To ensure patient safety and compliance with ethical and regulatory frameworks, the provider must prevent AI interactions that touch on topics like self-harm, abuse, or medical misinformation—especially in unsupervised or automated settings.

Solution: Implementing the Sensitive Topic Policy

  1. Sensitive Topic Configuration

    • The organisation defines a list of high-risk subjects, such as self-harm, eating disorders, addiction, and abuse.
    • They also select relevant topics from the platform’s predefined list for quick deployment.
  2. Prompt & Response Filtering

    • Prompt Filtering: Prevents users from inputting content that initiates sensitive discussions.
    • Response Filtering: Stops the AI from producing responses that engage with sensitive subjects.
  3. Enforcement Mode & Sensitivity

    • Set to Log and Override to fully block interactions involving high-risk topics.
    • Sensitivity is adjusted to 0.9 for maximum protection.

How to Use the Policy

Note: The following steps guide you through configuring the Sensitive Topic Policy using the policy workflow interface.

Step 1: Navigate to the Policy Workflow

  1. From the Dashboard, open your project to access the Project Overview.
  2. In the Policy section, click Edit Policy to begin the policy configuration workflow.

Step 2: Select and Enable the Sensitive Topic Policy

  1. In the Configure Policies tab, click on Sensitive Topic from the list.
  2. The configuration panel will appear on the right-hand side.
  3. Toggle Enable Policy to ON to begin editing.

Step 3: Add Sensitive Topics

  1. In the Sensitive Topics input field, type the topics you want to monitor (e.g., “self-harm”, “terrorism”, “bullying”).
  2. Press Enter after each entry to add it to the list.
  3. Each topic will appear as a tag beneath the field. Tags can be removed by clicking the X next to them.

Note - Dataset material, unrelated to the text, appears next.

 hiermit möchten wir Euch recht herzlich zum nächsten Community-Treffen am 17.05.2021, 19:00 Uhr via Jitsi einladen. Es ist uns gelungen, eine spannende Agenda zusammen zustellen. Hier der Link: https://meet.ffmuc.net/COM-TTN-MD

Step 4: Set Application Scope

  1. Under Apply Policy To, select where this policy should be enforced:
    • Prompt – Monitor user input only.
    • Response – Monitor AI output only.
    • Both – Enforce across both input and output directions.

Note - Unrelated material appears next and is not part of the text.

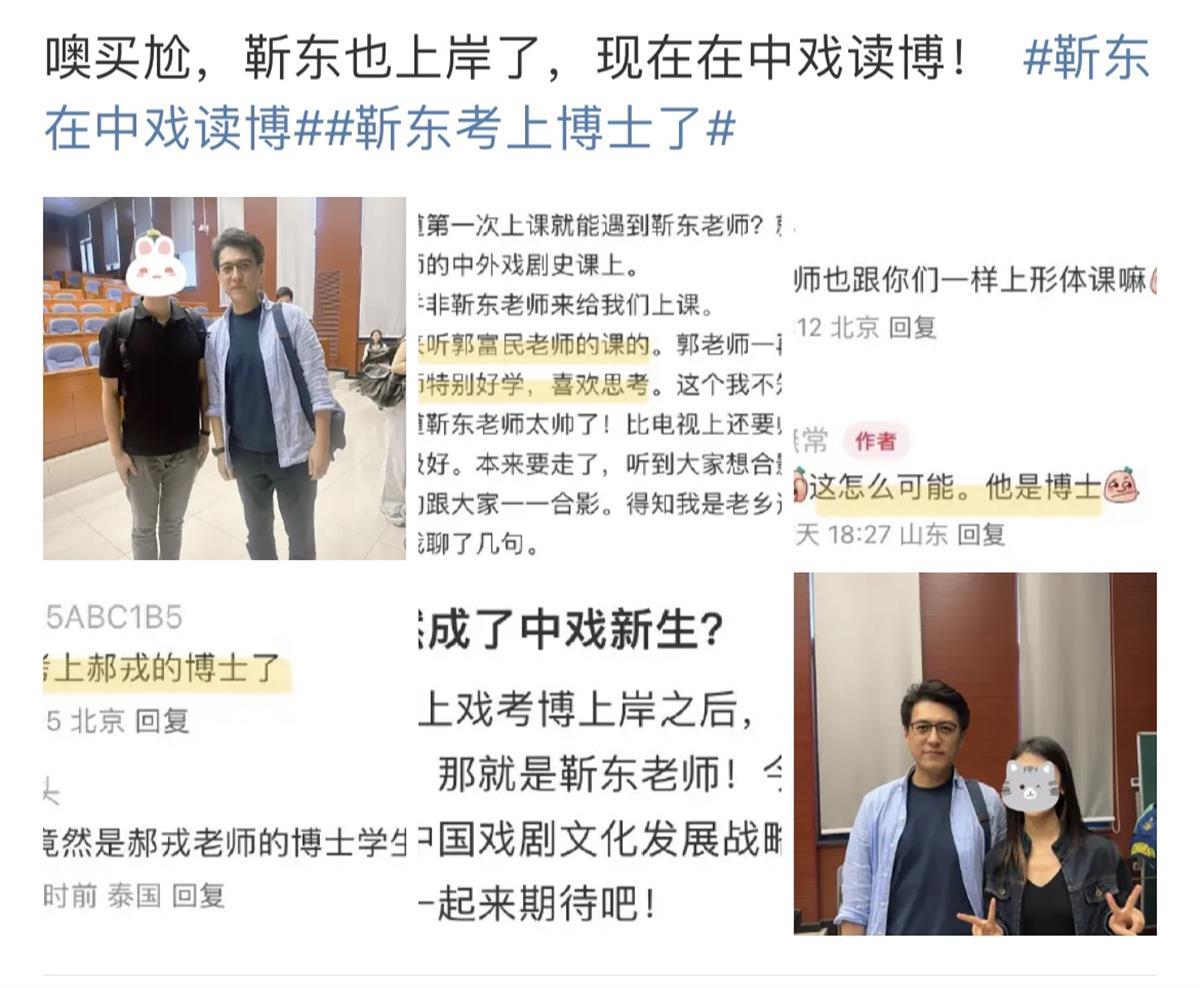 8月履新中国煤矿文工团团长的靳东,又考上了中央戏剧学院的博士?近日,多位网友晒出照片,称在中戏上课时偶遇“同窗”靳东,透露他已经考上中戏博士。靳东的粉丝闻讯与有荣焉,“当着团长、演着话剧电视剧、读着博士、出席各种活动,我哥已经next level了!”

Step 5: Configure Enforcement Behaviour

  1. Under Behaviour, choose how violations should be handled:
    • Log Only – Log sensitive topic occurrences without blocking.
    • Log and Override – Block interaction and return a custom smart response.

Step 6: Adjust Detection Threshold

  1. Use the Threshold Slider to set how strictly the system should identify sensitive topics:
    • A lower value (e.g., 0.2) allows broader detection.
    • A higher value (e.g., 0.9) enforces stricter topic matching.

Step 7: Save, Test, and Apply the Policy

  1. Click Save Changes to store your configuration settings.
  2. (Optional) Go to the Test Policies tab to evaluate policy performance in a live testing environment.
  3. Return to Configure Policies and click Apply Policies to activate the policy.
  4. A confirmation message will confirm successful application.

The Sensitive Topic Policy helps your organisation proactively detect and manage harmful or inappropriate topics—ensuring responsible AI usage across sensitive subject areas.